Afterwards, you can navigate to the lmevaljob resource (Home -> Search -> Search for "LMEvalJob" -> Click evaljob)-
inside the lmevaljob's YAML you will see the results of the evaluation, e.g.:
"results": {
"arc_easy": {
"alias": "arc_easy",
"acc,none": 0.6561447811447811,
"acc_stderr,none": 0.009746660584852454,
"acc_norm,none": 0.5925925925925926,
"acc_norm_stderr,none": 0.010082326627832872
}
oc apply -f guardrails/hap_detector/hap_model_container.yaml
Wait for the guardrails-container-deployment-hap-xxxx
pod to spin up
oc apply -f guardrails/hap_detector/hap_serving_runtime.yaml
oc apply -f guardrails/hap_detector/hap_isvc.yaml
Wait for the guardrails-detector-ibm-haop-predictor-xxx
pod to spin up
In 'gaurdrails/configmap_orchestrator.yaml', set the following values:
chat_generation.service.hostname
: Set this to the name of your Qwen2 predictor service. On my cluster, that'sqwen2-predictor.model-namespace.svc.cluster.local
detectors.hap.service.hostname
: Set this to the name of your HAP predictor service. On my cluster, that'sguardrails-detector-ibm-hap-predictor.model-namespace.svc.cluster.local
Then apply the configs:
oc apply -f guardrails/configmap_auxiliary_images.yaml
oc apply -f guardrails/configmap_orchestrator.yaml
oc apply -f guardrails/configmap_vllm_gateway.yaml
Right now, the TrustyAI operator does not yet automatically create a route to the guardrails-vLLM-gateway, so let's do that manually:
oc apply -f guardrails/gateway_route.yaml
oc apply -f guardrails/orchestrator_cr.yaml
ORCH_ROUTE_HEALTH=$(oc get routes guardrails-orchestrator-health -o jsonpath='{.spec.host}')
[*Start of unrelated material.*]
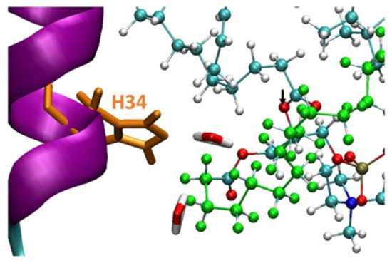 The His34 residue within the PLA2 at the close proximity to the active oxygen atom (seen in black arrow) in the PL-C12-cyclosporine prodrug. The hydrophobic chain of PL-prodrugs is colored in green. Two water molecules in close proximity to the His34 can also be observed. The illustration of the structures were performed by the vmd program [40].

curl -s https://$ORCH_ROUTE_HEALTH/info | jq
If everything is okay, it should return:
{
"services": {
"regex_language": {
"status": "HEALTHY"
},
"chat_generation": {
"status": "HEALTHY"
},
"hap": {
"status": "HEALTHY"
},
"regex_competitor": {
"status": "HEALTHY"
}
}
}
First, set up:
ORCH_GATEWAY=https://$(oc get routes guardrails-gateway -o jsonpath='{.spec.host}')
The available endpoints are:
$ORCH_GATEWAY/passthrough
: query the raw, unguardrailed model.$ORCH_GATEWAY/language_quality
: query with filters for personally identifiable information and HAP$ORCH_GATEWAY/all
: query with all available filters, so the language filters plus a check against competitor names.
Some cool queries to try:
./curl_model $ORCH_GATEWAY/passthrough "Write three paragraphs about morons"
./curl_model $ORCH_GATEWAY/language_quality "Write three paragraphs about morons"
./curl_model $ORCH_GATEWAY/language_quality "My email address is abc@def.com"
./curl_model $ORCH_GATEWAY/all "Can you compare Intel and Nvidia's semiconductor offerings?"
./curl_model $ORCH_GATEWAY/language_quality "Can you compare Intel and Nvidia's semiconductor offerings?"